**THE RECORDS**

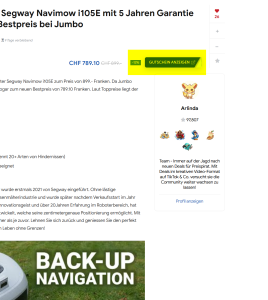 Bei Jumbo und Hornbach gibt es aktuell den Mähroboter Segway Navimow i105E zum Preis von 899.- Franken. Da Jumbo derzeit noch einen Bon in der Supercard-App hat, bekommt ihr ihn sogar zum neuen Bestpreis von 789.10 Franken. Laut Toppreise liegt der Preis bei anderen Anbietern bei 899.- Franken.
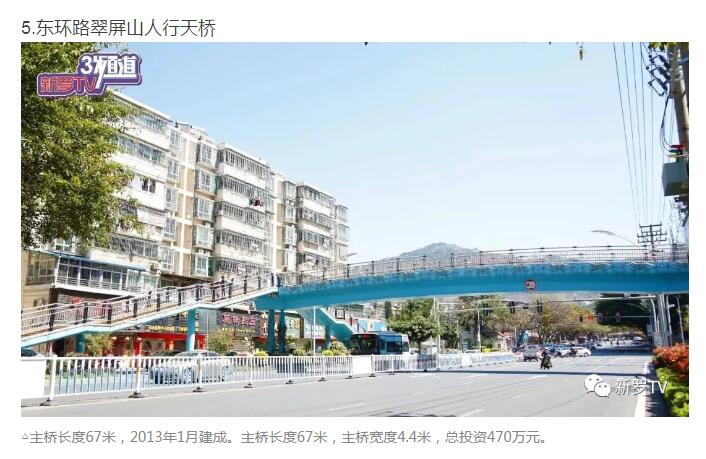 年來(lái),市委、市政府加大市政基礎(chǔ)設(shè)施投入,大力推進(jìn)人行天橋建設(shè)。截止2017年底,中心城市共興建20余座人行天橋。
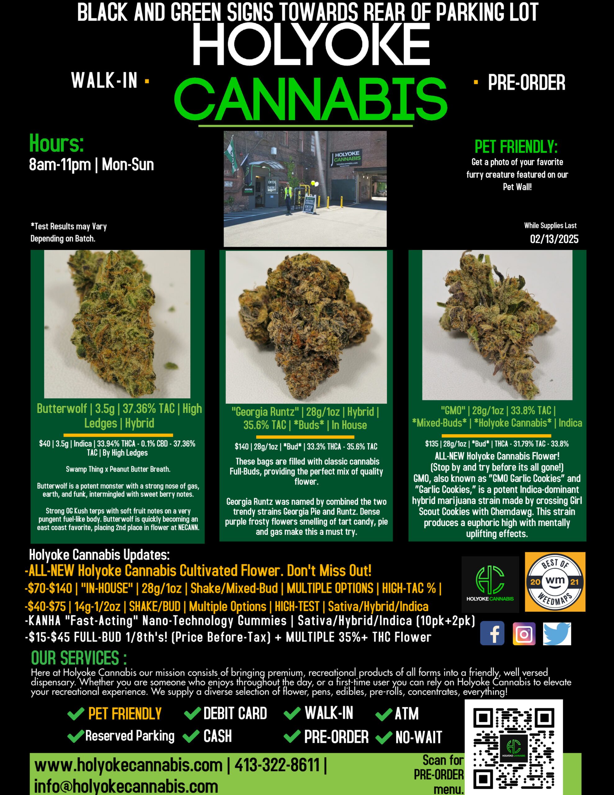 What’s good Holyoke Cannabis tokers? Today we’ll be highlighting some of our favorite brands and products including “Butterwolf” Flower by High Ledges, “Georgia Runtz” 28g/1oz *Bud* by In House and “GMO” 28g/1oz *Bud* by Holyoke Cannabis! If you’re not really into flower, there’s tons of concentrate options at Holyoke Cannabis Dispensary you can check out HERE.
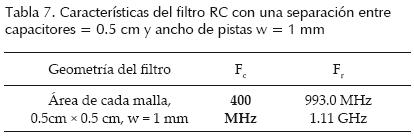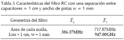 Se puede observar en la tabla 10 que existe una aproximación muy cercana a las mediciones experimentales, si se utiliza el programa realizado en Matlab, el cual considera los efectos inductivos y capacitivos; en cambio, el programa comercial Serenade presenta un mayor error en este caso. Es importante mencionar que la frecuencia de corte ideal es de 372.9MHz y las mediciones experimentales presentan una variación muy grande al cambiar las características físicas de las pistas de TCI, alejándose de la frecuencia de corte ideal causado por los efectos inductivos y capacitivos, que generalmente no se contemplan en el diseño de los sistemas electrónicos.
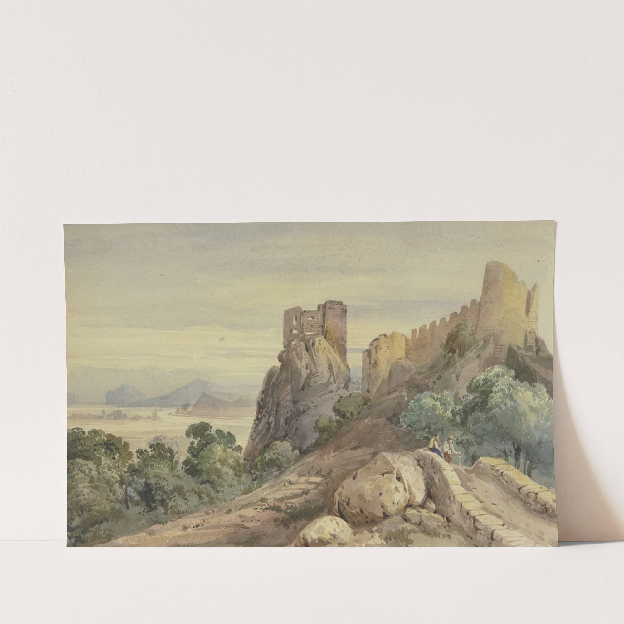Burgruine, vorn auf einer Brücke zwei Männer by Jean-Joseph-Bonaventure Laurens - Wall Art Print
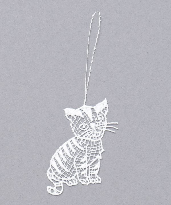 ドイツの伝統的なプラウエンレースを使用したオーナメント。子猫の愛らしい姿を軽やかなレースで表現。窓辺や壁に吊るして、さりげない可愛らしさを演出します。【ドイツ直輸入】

* * *

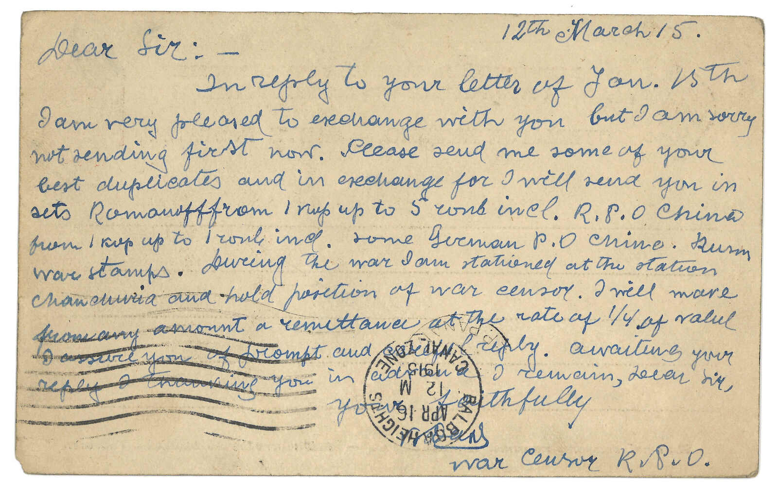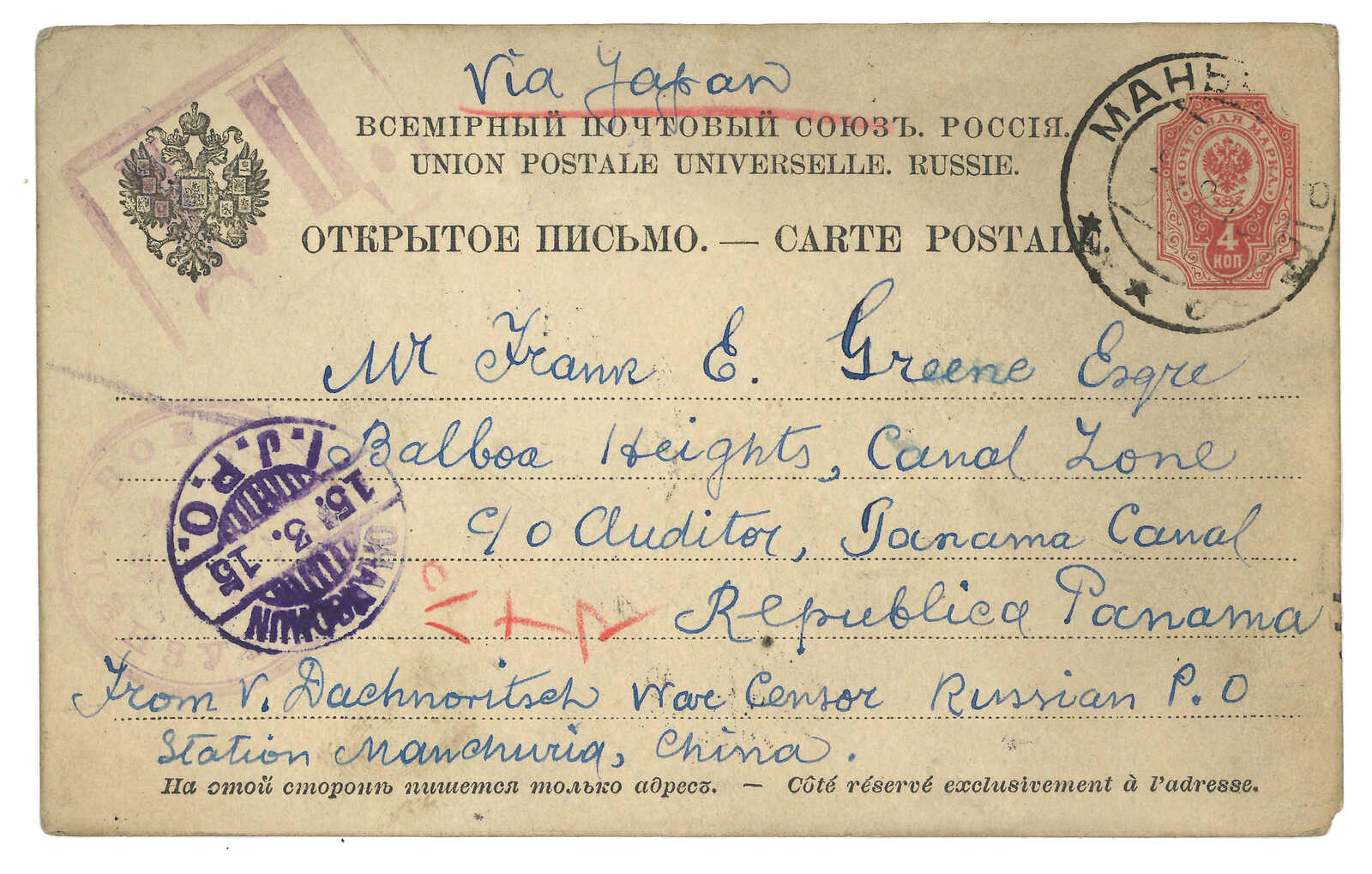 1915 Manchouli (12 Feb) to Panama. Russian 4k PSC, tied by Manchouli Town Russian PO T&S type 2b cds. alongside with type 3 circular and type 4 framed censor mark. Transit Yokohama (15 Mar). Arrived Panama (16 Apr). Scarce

* * *

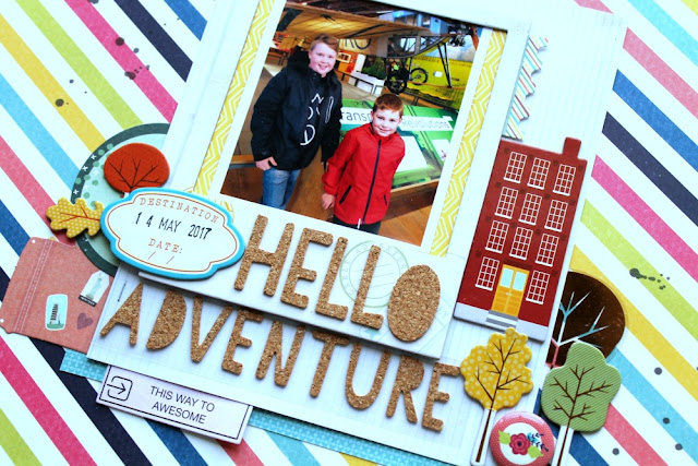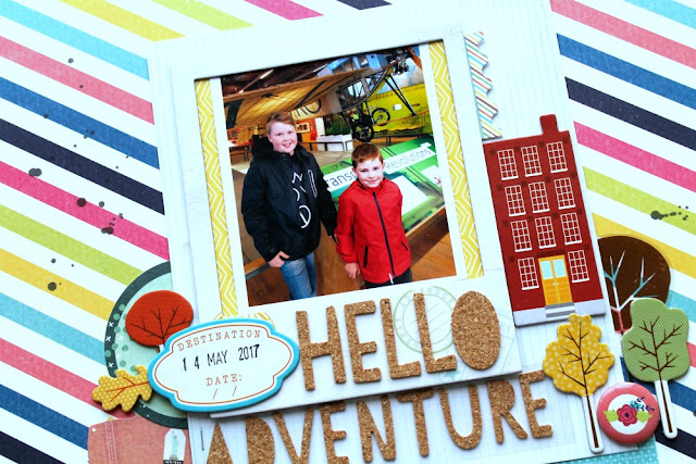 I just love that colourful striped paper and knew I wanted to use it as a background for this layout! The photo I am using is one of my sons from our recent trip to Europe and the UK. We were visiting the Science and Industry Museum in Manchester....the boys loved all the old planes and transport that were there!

**EXERCISE REQUIREMENTS**
What belongs in the answer is each line above from the line with "Bei Jumbo und" to the line with "ドイツの伝統的なプラウエンレ", inclusive, reproduced exactly and free of pictures.

**COMPLETED EXERCISE**
 Bei Jumbo und Hornbach gibt es aktuell den Mähroboter Segway Navimow i105E zum Preis von 899.- Franken. Da Jumbo derzeit noch einen Bon in der Supercard-App hat, bekommt ihr ihn sogar zum neuen Bestpreis von 789.10 Franken. Laut Toppreise liegt der Preis bei anderen Anbietern bei 899.- Franken.
 年來(lái),市委、市政府加大市政基礎(chǔ)設(shè)施投入,大力推進(jìn)人行天橋建設(shè)。截止2017年底,中心城市共興建20余座人行天橋。
 What’s good Holyoke Cannabis tokers? Today we’ll be highlighting some of our favorite brands and products including “Butterwolf” Flower by High Ledges, “Georgia Runtz” 28g/1oz *Bud* by In House and “GMO” 28g/1oz *Bud* by Holyoke Cannabis! If you’re not really into flower, there’s tons of concentrate options at Holyoke Cannabis Dispensary you can check out HERE.
 Se puede observar en la tabla 10 que existe una aproximación muy cercana a las mediciones experimentales, si se utiliza el programa realizado en Matlab, el cual considera los efectos inductivos y capacitivos; en cambio, el programa comercial Serenade presenta un mayor error en este caso. Es importante mencionar que la frecuencia de corte ideal es de 372.9MHz y las mediciones experimentales presentan una variación muy grande al cambiar las características físicas de las pistas de TCI, alejándose de la frecuencia de corte ideal causado por los efectos inductivos y capacitivos, que generalmente no se contemplan en el diseño de los sistemas electrónicos.
Burgruine, vorn auf einer Brücke zwei Männer by Jean-Joseph-Bonaventure Laurens - Wall Art Print
 ドイツの伝統的なプラウエンレースを使用したオーナメント。子猫の愛らしい姿を軽やかなレースで表現。窓辺や壁に吊るして、さりげない可愛らしさを演出します。【ドイツ直輸入】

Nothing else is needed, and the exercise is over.